At The Society of Cosmetic Scientists of Nigeria (NICOS) yearly conference in Lagos, Grace Abamba, President of the organisation, shared the report.
There was 11 sub categories (personal care, skincare, hair care, deodorants, bath and shower, baby care, oral care, fragrances, premium beauty, sun care) with hair and oral care coming out top with 17% growth, and bath and shower products at the bottom of the list with 8% growth.
The total turnover amassing to N1.034 trillion came with a breakdown. Regardless of their lower growth percentage, between hair care, bath and shower and deodorants recorded a sales performance of between N70 and N100 billion. The highest turnover being N470 Billion for personal care and 45.5% of the industry profits. Skincare followed with N128 billion.

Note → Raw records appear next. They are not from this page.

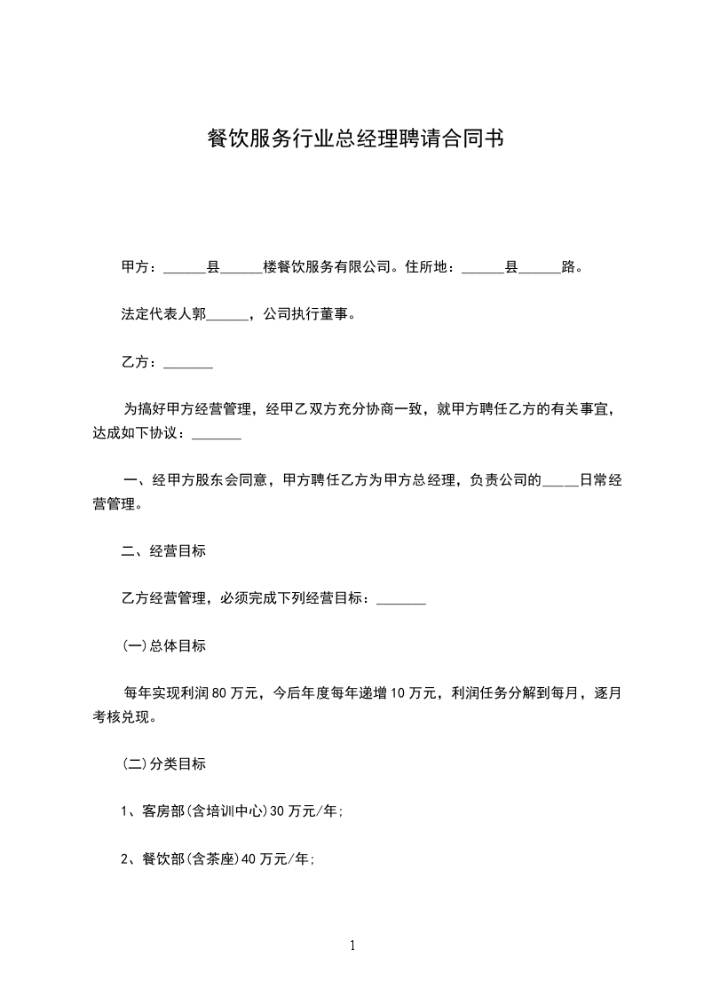 餐饮服务有限公司总经理聘任合同
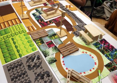 Na zajęciach uczniowie poznają takie pojęcia jak: architektura krajobrazu, ogród sensoryczny oraz strefy zmysłów – słuchu, dźwięku i węchu. Na dużych planszach zaprojektują własne strefy w ogrodzie, a następnie wykonają wspólnie kilkumetrową ścieżkę sensoryczną.
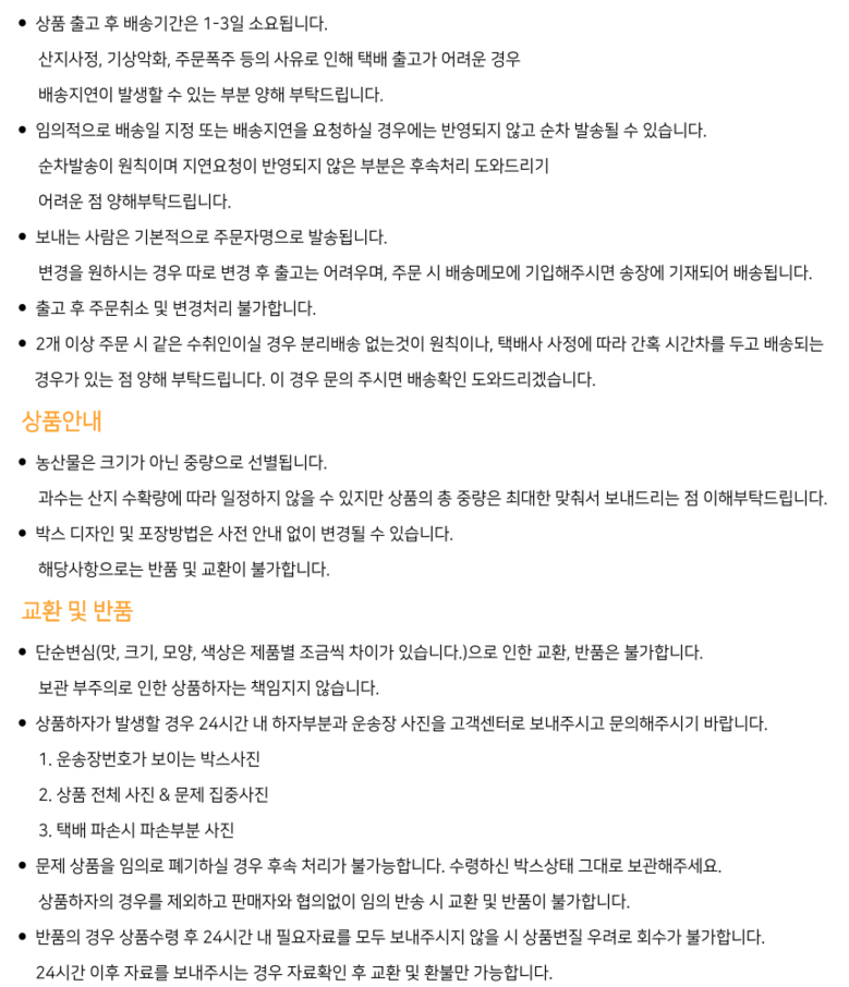 - ㆍ교환/반품에 관한 일반적인 사항은 판매자가 제시사항보다 관계법령이 우선합니다.

“We have seen double-digit growth in most categories except bath and shower slowing down with falling sales of sanitizers. We look forward to seeing some innovation in this category. The premium category also experienced slowing growth where consumers are struggling with rising prices and so are looking for more affordable options.
“The sun care category is very interesting where people want to look after their skin. Just because we have more melanin in our skin, we still need to protect it from the sun. The retail sales value of Sun care, like colour cosmetics, is now worth N1 billion,” Abamba said.
Whilst speaking she said that the society was ready to work alongside SON and NAFDAC to regulate the beauty industry and use that as a catalyst for its growth.
“It is a really important industry in terms of health and wellbeing, so we want to talk about how we build the future in terms of safety quality and we want to be on the world stage,” she said.
Vice President, NICOS, Olusola Ojo, said one of the objectives of the society was to create awareness of international standards so that the local cosmetics industry could compete on the global scene.
“That’s what we’re doing by creating awareness, the right education and making people realize that local researches are being recognized internationally and so being able to put us Nigerians; formulators, business owners on the global map.
“To create that international standard for them to know what’s happening in the global scene to position their products to meet up with international best practices and also give us better opportunity to compete” Ojo stated.